However, since 6G supports connections across sea, air, and ground, its transmission environment is very complicated. How to analyze the scale characteristics and the coupling relation of the space-time-frequency multi-domain resources, and how to mine the relevance and the reciprocity of the multi-domain resources, so as to realize the unified arrangement and management of the resources, which is an important technical challenge.
In the existing wireless network configuration scheme based on Q reinforcement learning, the Q network reinforcement learning is mainly utilized to optimize the allocation of wireless network resources according to the network state, but the allocation of the wireless network resources is unclear. A resource allocation optimization method based on reinforcement learning and a system implementation scheme are mainly used for allocating resource blocks for user services according to the information of bandwidth, physical resource block quantity, user service quantity to be transmitted, resource block characteristics, downlink characteristics and the like of a downlink. The existing scheme mainly utilizes reinforcement learning to allocate resources for a wireless transmission single domain (spatial domain, time domain or frequency domain).

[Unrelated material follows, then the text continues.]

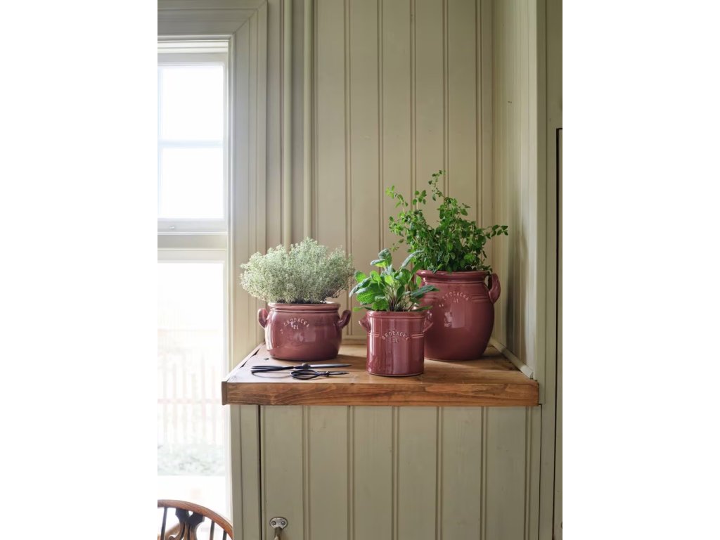 Elegantní květináč z kolekce Brobacka vyniká svou robustní keramikou s jemnou glazurou a decentní strukturou, která podtrhuje jeho autentický řemeslný charakter. Díky dvěma bocím uším je snadno přenosný a ideálně se hodí pro středně velké rostliny nebo bylinky.

There is little research on the space-time-frequency multi-domain resources for wireless transmission.
Disclosure of Invention
Aiming at the defects in the prior art, the invention aims to provide a wireless transmission space-time frequency resource allocation method based on deep reinforcement learning, and solve the problem of resource allocation of wireless transmission space-time frequency multi-domain association.
In order to achieve the purpose, the invention adopts the technical scheme that:
a wireless transmission space-time-frequency resource allocation method based on deep reinforcement learning comprises the following steps:
s1, clustering users by adopting a density clustering algorithm, wherein the input of the density clustering algorithm comprises user position information and an angle sine value between a user and a base station, and the output of the density clustering algorithm is a user clustering label;
s2, configuring different beams on a space domain for different clusters in the step S1 by adopting a zero-forcing beam forming method, wherein channel state information required by zero-forcing beam forming is average channel state information of users in each cluster;
and S3, taking the position, the driving speed and the driving direction of the user, which base station the user is covered by, the angle between the user and the base station and the user clustering label as states, selecting the subcarrier as an action, taking the transmission rate as an incentive, and learning a subcarrier resource allocation method in one time slot for different users by utilizing a deep reinforcement learning algorithm in order to maximize the total transmission rate of the system.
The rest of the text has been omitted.